# Extracted entries
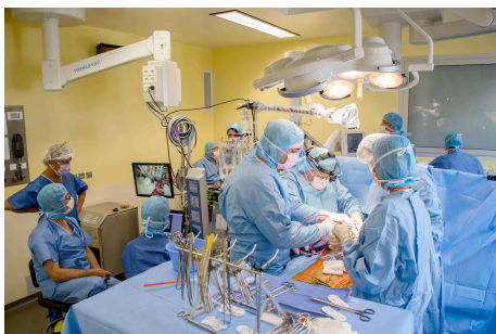
Opération au XXe siècle
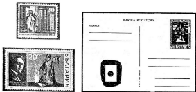
Илл. 17. а) Памятник В. И. Ленину в Берлине работы скульптора Н. В. Томского на марке ГДР; б) Ф. И. Шалапин в роли Бориса Годунова на марке Болгарии; в) почтовая маркачница Польши и II Международной выставке плакатов в Варшаве, 1963 г. (на вклепанной марке — планет и опере М. Мусоргского «Борис Годунов»)
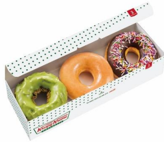
本日のおすすめボックス (3個入) 800円
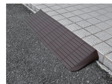
玄関先や庭先の段差
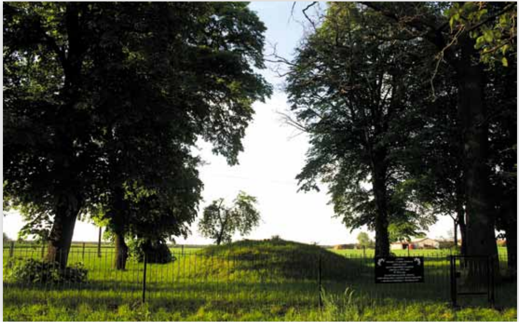
Cmentarz żołnierzy poległych w czasie I wojny światowej (D.M.)
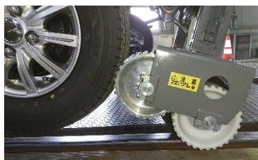
タイヤ動力で鉄輪を駆動
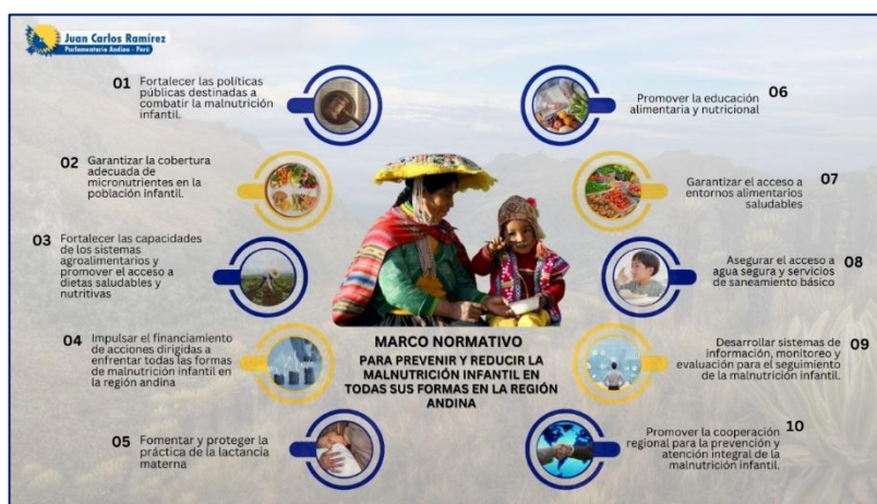
Imagen: Principales lineamientos del Marco Normativo para Prevenir y Reducir la Malnutrición Infantil en la región Andina (29.08.2025)

Al final del debate, se procedió a la votación y el proyecto fue aprobado por unanimidad.

# How to complete this task
Return the line containing "本日のおすすめボックス (3個入) 800円" and every line after it through the end of the records above, exactly and nothing else, but not the pictures.

# Expected answer
本日のおすすめボックス (3個入) 800円
玄関先や庭先の段差
Cmentarz żołnierzy poległych w czasie I wojny światowej (D.M.)
タイヤ動力で鉄輪を駆動
Imagen: Principales lineamientos del Marco Normativo para Prevenir y Reducir la Malnutrición Infantil en la región Andina (29.08.2025)

Al final del debate, se procedió a la votación y el proyecto fue aprobado por unanimidad.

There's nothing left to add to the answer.